LE MONDE DES LIVRES | 22.02.07 | 18h57

Vassili Grossman fut en URSS le correspondant de guerre le plus lu, le plus aimé entre 1941 et 1945. Il savait entrer dans le corps-à-corps avec la mort des soldats comme des commandants. Pendant la retraite soviétique de 1941, il passe par Iasnaïa Poliana, la gentilhommière de Tolstoï.

C’est l’Exode biblique, toute une « arche de Noé » humaine et animale fuit les Panzers de Guderian. C’est Moscou en 1812, les charrettes se bousculant pour fuir… Grossman songe : « Une souffrance en allée est en train de revenir. »

Vassili Grossman est né en 1905 à Berditchev, en Ukraine, dans une famille juive assimilée. Ingénieur chimiste comme son père, il publie ses premiers textes, remarqués par Gorki, dans La Gazette littéraire, en 1934. Trois ans plus tard, il adhère à l’Union des écrivains soviétiques.

Lorsque la guerre éclate, il devient journaliste dans l’armée rouge. Bouleversé par les massacres de civils juifs, notamment en Ukraine, il commence à réunir les éléments qui donneront naissance au Livre noir, cosigné avec Ilia Ehrenbourg. Son récit, L’Enfer de Treblinka, servira de témoignage au procès de Nuremberg. En 1959, il termine Vie et destin. L’ouvrage est saisi en 1961. Avant de mourir d’un cancer en 1964, il écrit plusieurs livres dont un récit sur l’Arménie, Le bien soit avec vous, et un roman, Tout passe.

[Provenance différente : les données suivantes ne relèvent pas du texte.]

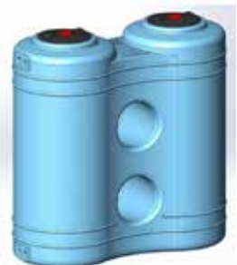
026 187 075 Serbatoio Polietilene Monoblocco Lineare J 2000 Lt Rototec 995,400

Ce fut bien plus, une tornade de souffrances. Quand il passe en sens inverse, une centaine de cadavres allemands entourent la tombe de Tolstoï. Ce n’est que le préambule. Peu à peu, Grossman va rencontrer la mort par centaines de milliers de cadavres, il va voir des morts debout comme un leurre sinistre, des régiments endormis d’épuisement que l’on perce à la baïonnette sans qu’ils se réveillent. Il va apprendre l’envers des communiqués officiels : à Stalingrad, en cinq mois, 13 500 soldats soviétiques exécutés pour trahison ; et parmi eux le cas de ce soldat qu’on a déshabillé, exécuté, enterré, qui revient en caleçon le lendemain, et que l’on l’exécute à nouveau.

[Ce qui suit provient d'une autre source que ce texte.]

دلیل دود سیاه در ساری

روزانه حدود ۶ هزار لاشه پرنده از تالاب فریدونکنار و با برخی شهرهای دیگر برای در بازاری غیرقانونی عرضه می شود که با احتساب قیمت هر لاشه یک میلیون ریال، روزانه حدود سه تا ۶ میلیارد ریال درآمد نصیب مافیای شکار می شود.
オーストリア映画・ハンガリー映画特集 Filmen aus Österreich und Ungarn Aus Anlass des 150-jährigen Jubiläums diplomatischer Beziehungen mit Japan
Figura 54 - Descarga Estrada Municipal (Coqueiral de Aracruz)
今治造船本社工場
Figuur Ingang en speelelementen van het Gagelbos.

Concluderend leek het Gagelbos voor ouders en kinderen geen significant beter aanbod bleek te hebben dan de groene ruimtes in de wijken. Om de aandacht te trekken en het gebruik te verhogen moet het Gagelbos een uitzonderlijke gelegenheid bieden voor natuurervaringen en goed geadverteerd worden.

Ces Carnets ne contiennent pas tout, Grossman a dû se surveiller, ils pouvaient lui valoir le peloton. Mais ils sont impressionnants. C’est le terreau de ses deux grands romans sur la guerre, Pour une juste cause, écrit pendant la guerre (éd. L’Age d’homme, 2001), Vie et destin, écrit en cachette, et qui ne vit le jour qu’à l’étranger. Personnages, réflexions, notations qui broient le coeur sont là, et cet inimitable mélange de folie et de bonheur qui rend soutenable la lecture des atrocités que rapporte Grossman.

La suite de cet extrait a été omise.